EXCERPTED DATA:
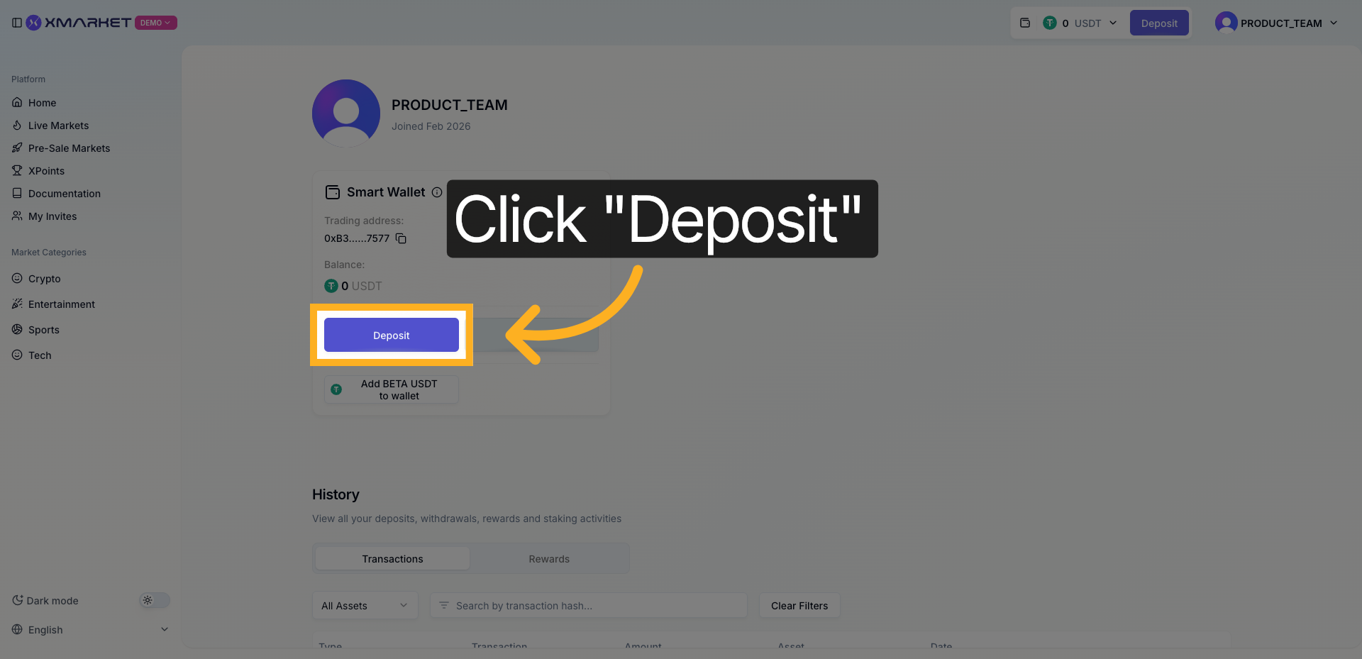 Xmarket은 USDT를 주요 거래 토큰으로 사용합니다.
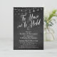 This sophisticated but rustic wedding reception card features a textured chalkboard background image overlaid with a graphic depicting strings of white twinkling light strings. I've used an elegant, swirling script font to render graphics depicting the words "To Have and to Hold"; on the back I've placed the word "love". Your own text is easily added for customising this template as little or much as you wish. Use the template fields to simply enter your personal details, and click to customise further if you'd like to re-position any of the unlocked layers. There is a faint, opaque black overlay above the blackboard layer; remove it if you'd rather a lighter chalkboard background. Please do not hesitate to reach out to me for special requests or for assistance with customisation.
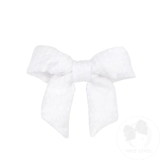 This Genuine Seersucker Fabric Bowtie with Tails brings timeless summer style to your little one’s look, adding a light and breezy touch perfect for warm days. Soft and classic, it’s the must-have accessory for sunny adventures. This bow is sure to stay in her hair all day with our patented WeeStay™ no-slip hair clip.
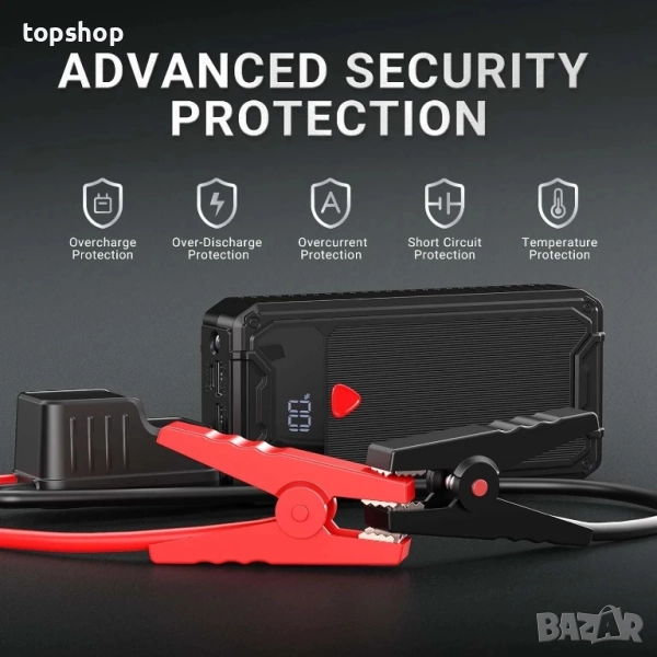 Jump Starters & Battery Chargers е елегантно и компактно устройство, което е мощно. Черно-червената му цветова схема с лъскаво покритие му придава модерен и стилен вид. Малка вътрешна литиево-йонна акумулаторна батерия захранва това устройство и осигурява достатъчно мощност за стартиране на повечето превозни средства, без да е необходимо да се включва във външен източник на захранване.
==
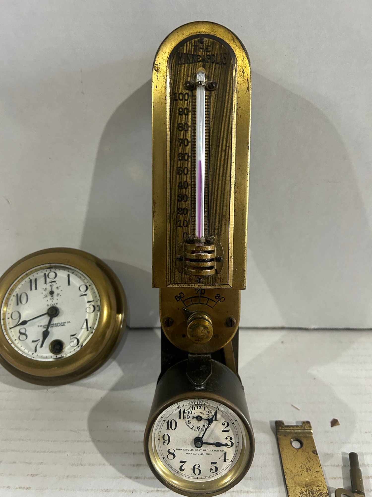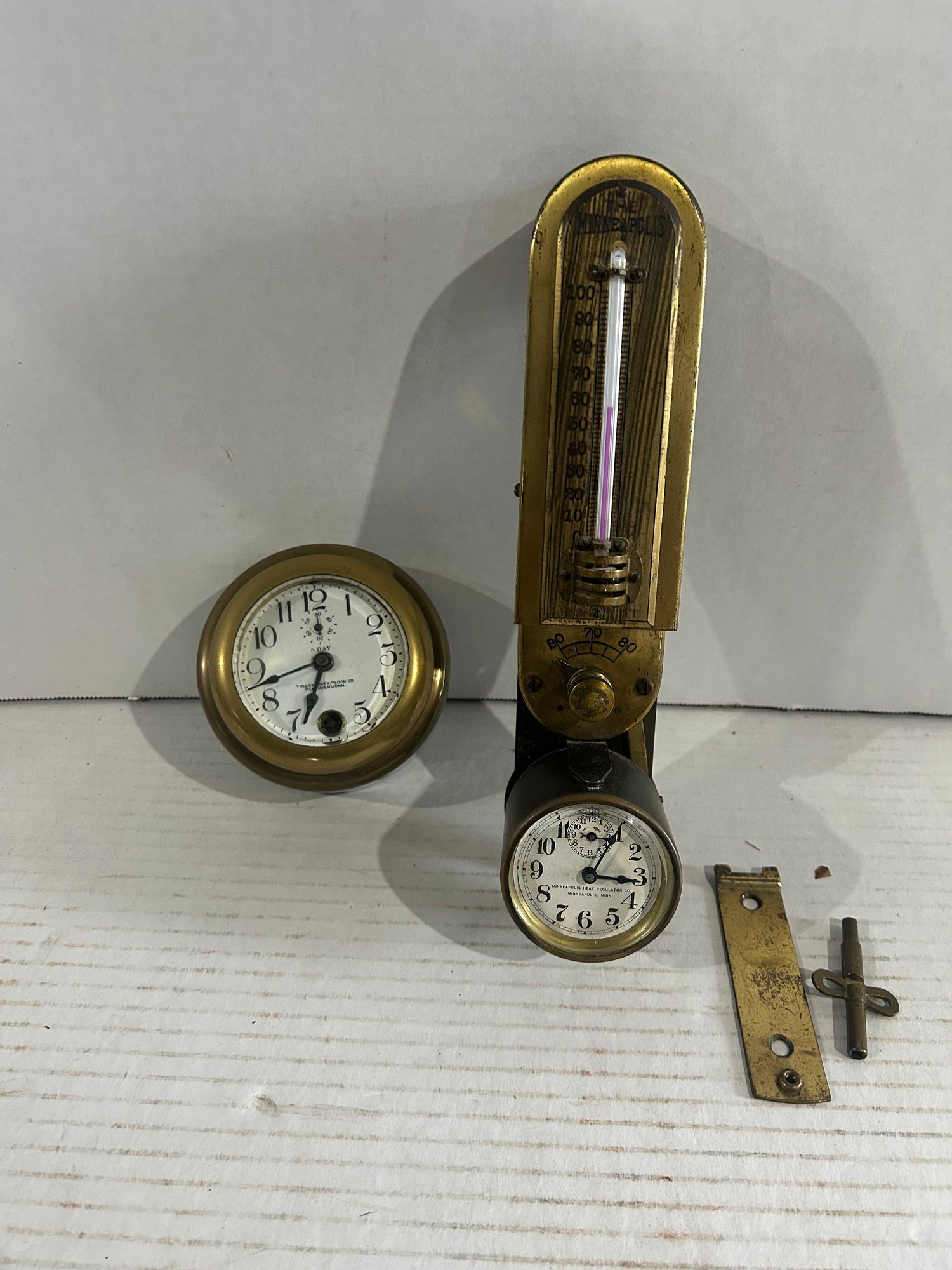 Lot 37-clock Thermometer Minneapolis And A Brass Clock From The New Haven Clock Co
...
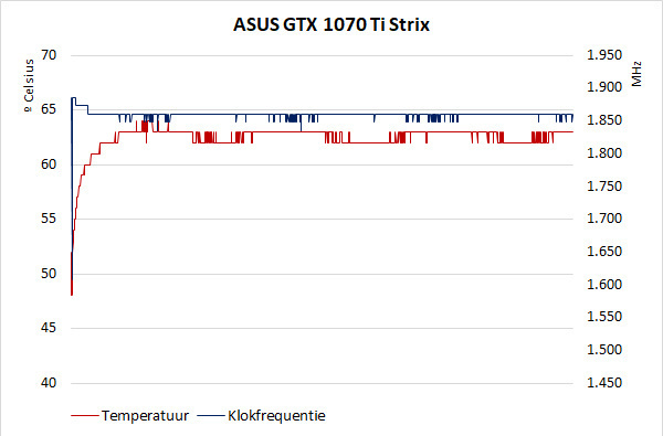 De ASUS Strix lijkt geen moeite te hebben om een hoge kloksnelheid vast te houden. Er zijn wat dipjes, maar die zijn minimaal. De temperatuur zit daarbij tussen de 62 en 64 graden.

ASSIGNMENT: Without the pictures, set down the lines above from the line with "Xmarket은 USDT를 주요 거래 토큰으로 사용합니다." up to and including the line with "This Genuine Seersucker" exactly as they stand.

WRITTEN REPLY:
 Xmarket은 USDT를 주요 거래 토큰으로 사용합니다.
 This sophisticated but rustic wedding reception card features a textured chalkboard background image overlaid with a graphic depicting strings of white twinkling light strings. I've used an elegant, swirling script font to render graphics depicting the words "To Have and to Hold"; on the back I've placed the word "love". Your own text is easily added for customising this template as little or much as you wish. Use the template fields to simply enter your personal details, and click to customise further if you'd like to re-position any of the unlocked layers. There is a faint, opaque black overlay above the blackboard layer; remove it if you'd rather a lighter chalkboard background. Please do not hesitate to reach out to me for special requests or for assistance with customisation.
 This Genuine Seersucker Fabric Bowtie with Tails brings timeless summer style to your little one’s look, adding a light and breezy touch perfect for warm days. Soft and classic, it’s the must-have accessory for sunny adventures. This bow is sure to stay in her hair all day with our patented WeeStay™ no-slip hair clip.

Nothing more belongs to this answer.